A linguist's hint (suspending my scepticism
just a little :)). If *-dura- in Germanic has anything to do with doors or
gates, it must be an indigenous word (not excluding the possibility of a calque,
of course). The IE root noun *dHwor-/*dHur- was moved to less archaic
declensions in the individual Germanic languages, everywhere with the
generalised weak form of the root, *dur-, yielding _all_ the reflexes you quote.
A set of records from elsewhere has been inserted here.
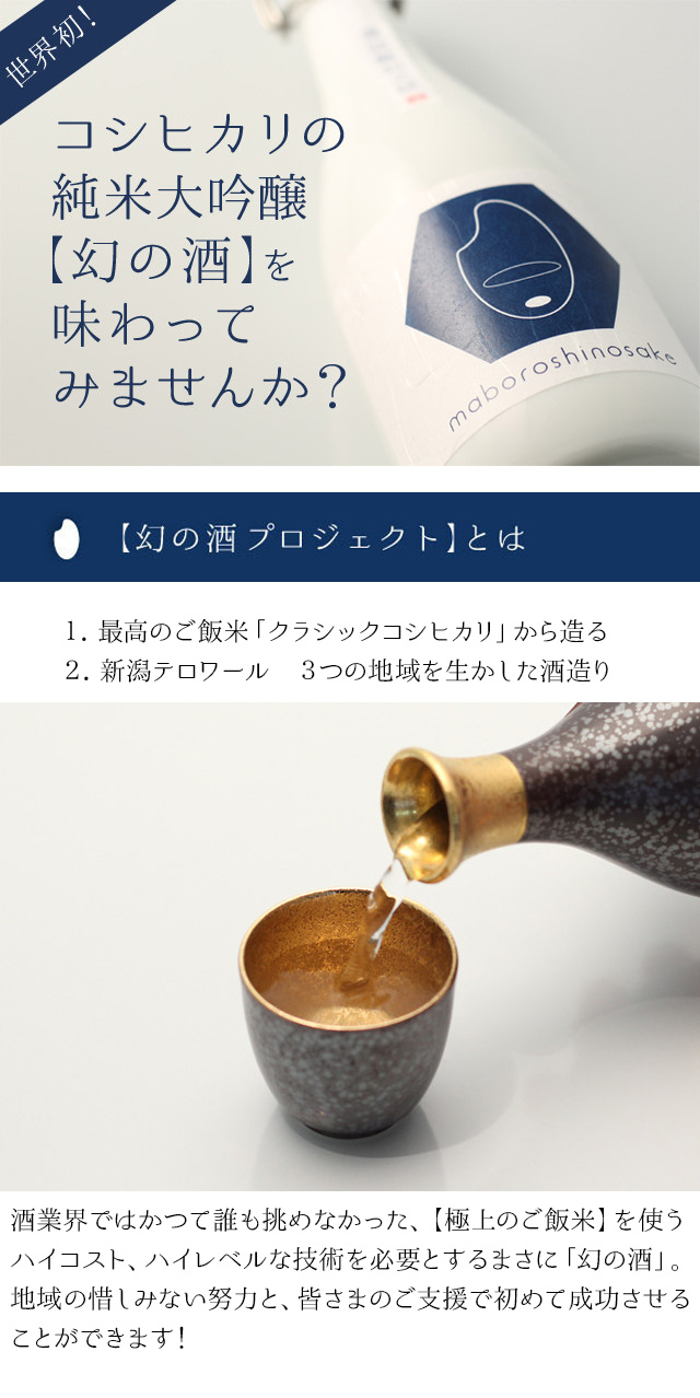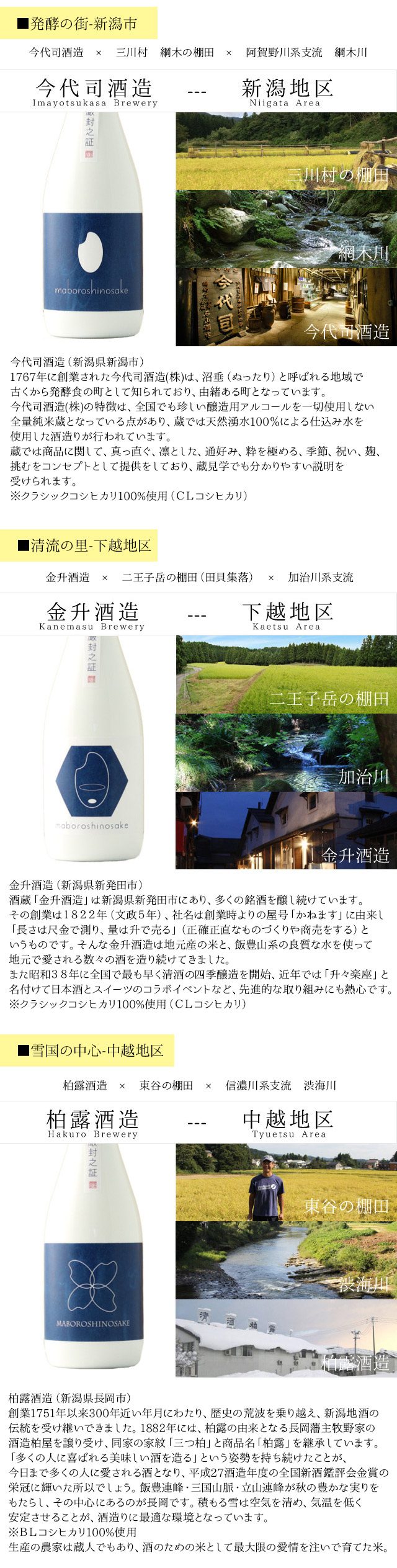 雪国新潟の雪解け水で育った棚田のクラシックコシヒカリは、岩魚や蛍も生息できるほどの綺麗な清水と自然豊かな土地で育ちました。生産量は新潟産コシヒカリのわずか1%ほどのまさに幻の米です。希少なご飯米を使って酒を作ることは、コストと技術を必要とされるため、どこの酒蔵も躊躇するような依頼でした。そんな挑戦を受けてくれた新潟を代表する3つの酒蔵を擁してクラウドファウンディングmakuakeで支援者を募集したところ、一週間で達成したプロジェクトがこちらです。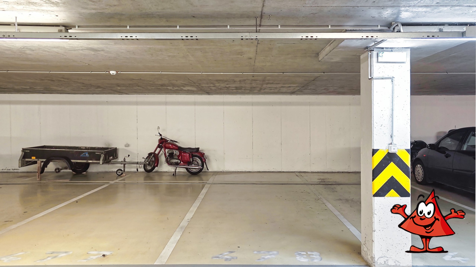 Pronájem nadstandardně vekého garážového stání (prodloužené s možností za autem parkovat vozík nebo motorku) v suterénu bytového domu v Troji na sídlišti Bohnice, v ulici Hnězdenská, přímo u obchodního centra Krakov. Šířka stání je 2,3 metru, délka 7,1 metru, povolená výška je 2,1 metru.Garážové stání je možné převzít kdykoli v průběhu listopadu.Nájemné 2.000 Kč vč. poplatků za energie a služby. Jistota a provize ve výši jednoho měsíčního nájemného.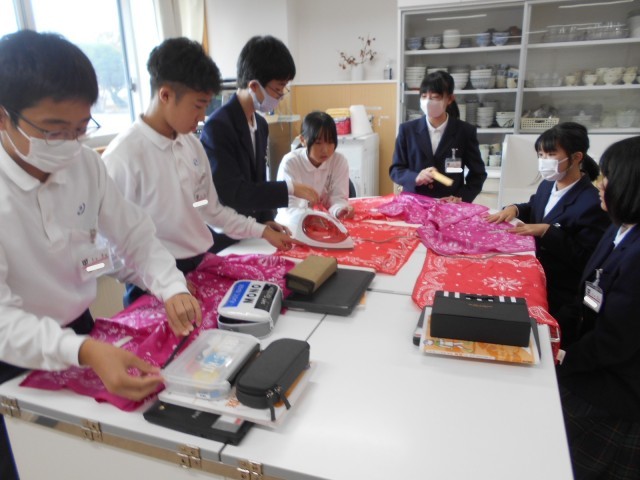 3組家庭科では、縫い物に取り組むようです。写真は布にアイロンがけするなど、準備しているようです。
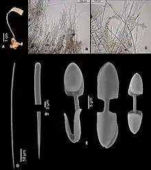 | Amphilectus strepsichelifer sp. nov., Holotype ZMA Por. 07564. A. Habit. B-C. Cross section of skeleton in light microscopy. B. Peripheral skeleton. C. Detail of peripheral tracts and clustered microscleres. D-E. SEM images of spicules. D. Style. D1. Details of apices. E. Palmate isochelae, in various stages of torsion. | |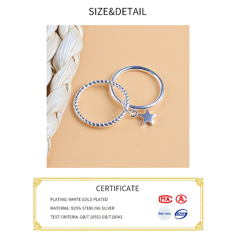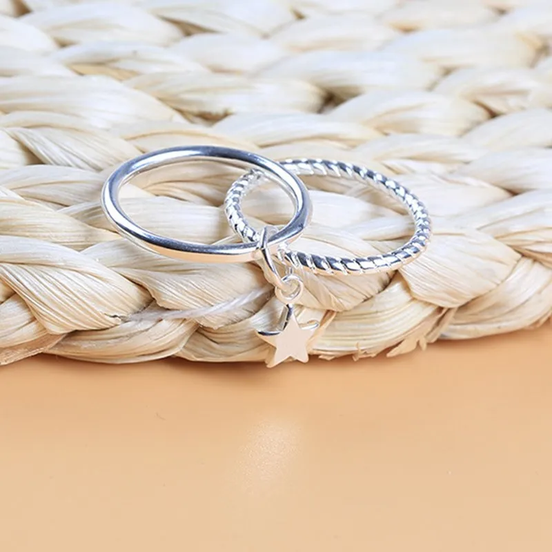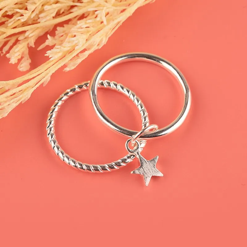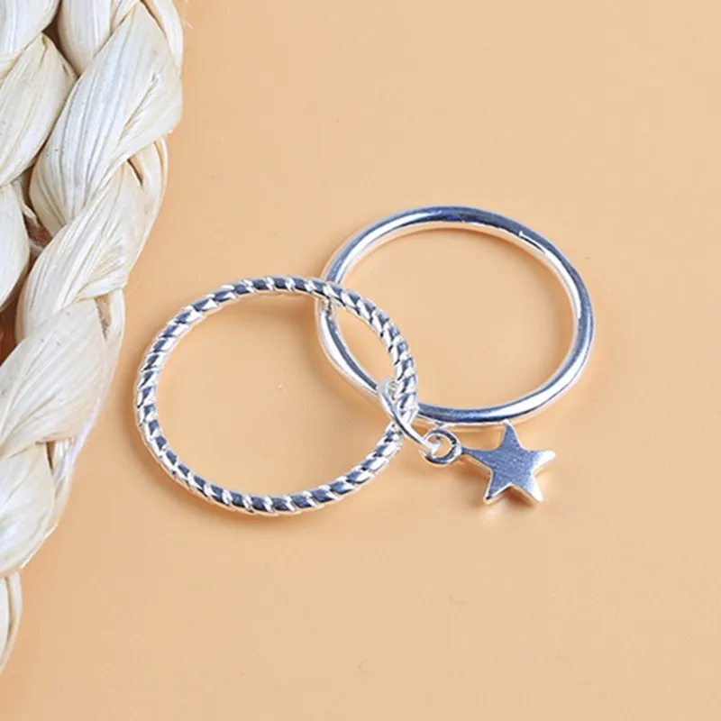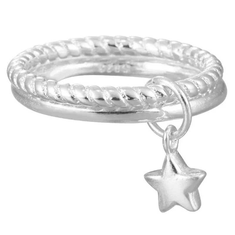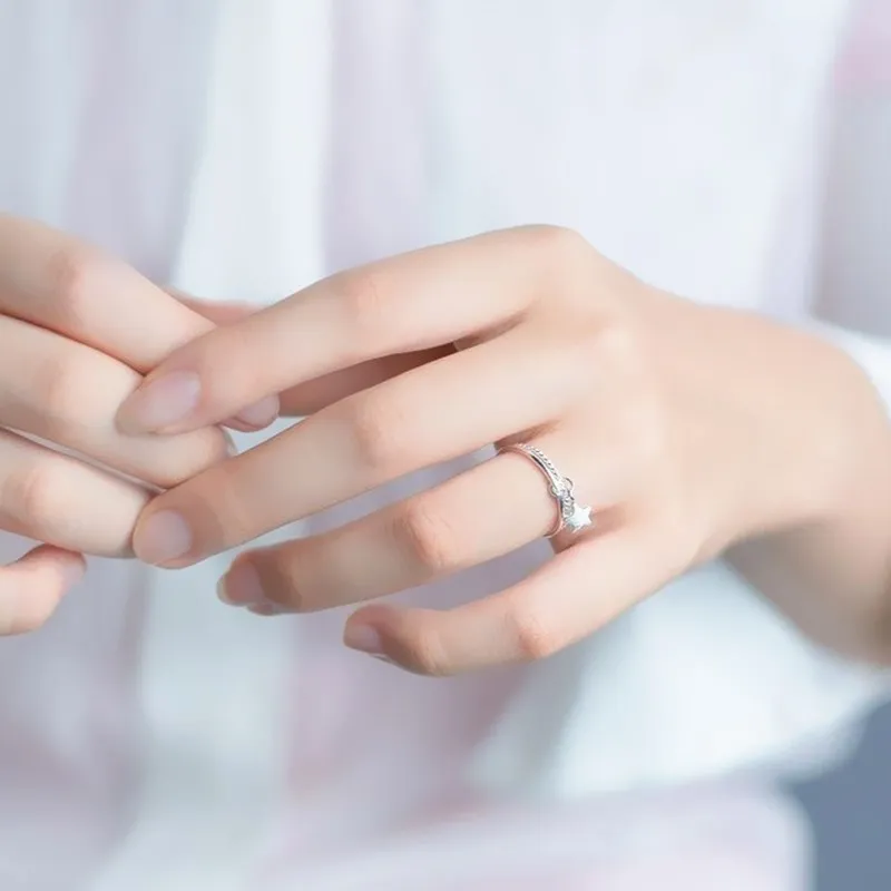 Настоящее 925 пробы серебро звезды геометрической формы регулируемое кольцо минималистский ювелирные изделия вечерние ний подарок

In Gothic we have the regular lowering of *u before /r/, giving /o/ spelt
<au>, in a weak feminine version of the word *dur-o:n-, in OE we have a
secondary feminine u-stem <duru> (*dur-u-) beside the neuter <dor>
from *dur-a-, with the predictable lowering of the *u before the *a of the
second syllable, ON dyrr, OS duri and similar forms in German and Dutch
reflect the old athematic plural *dur-iz, etc., etc., etc. In older Germanic /u/
and short /o/ developed from positional variants of the same PGmc.
phoneme.
Suffice it to say that the forms are
unproblematic, since well-known morphological and phonological processes in
Germanic account for their derivation from *dur- quite satisfactorily. As
regards its form, *-duraz would correspond _exactly_ (as a cognate, not as a
loan) to Greek <-thuros> in compounds. It can't be an occupational term,
though: not "porters" or "gatekeepers" but "having such and such gates" (as in
Gk. ditHuros, Lat. biforis ~ biforus 'having two doors' or athuros 'having
no gate, open'), depending on how we interpret the first part of the compound
(if you want a loan from Greek, <hermo:n> won't do, since the first part
of <X-tHuros> must be the composition form of a stem, not an inflected
word).
Now, a fresh thought: what about those 540
doors of Valhalla in the Norse tradition? (if I remember aright, 800 men
could march in abreast through each of them). Weren't they
ermen?
Piotr
----- Original Message -----
Sent: Thursday, May 09, 2002 8:18 PM
Subject: [tied] Hermunduri as Border Merchants
As far as, matching the vowel with the apparent Germanic -u-
in Hermunduri
and Hermondoroi, all I have is that in Gothic we have attested
<daur>, in ON,
<dyr>, OHG <tor>, and according to OED, OE
had <dor>, <dure>, <dor> and
<dure>, suggesting
multiple sources- all meaning gate or door. I see no
reason to think
that the idea of a closed or open door or gate meaning ACCESS
or lack of it
did not exist in any Germanic mind. It clearly did in Latin
(e.g.,
<dithurus> a seat in the Roman tribunal.)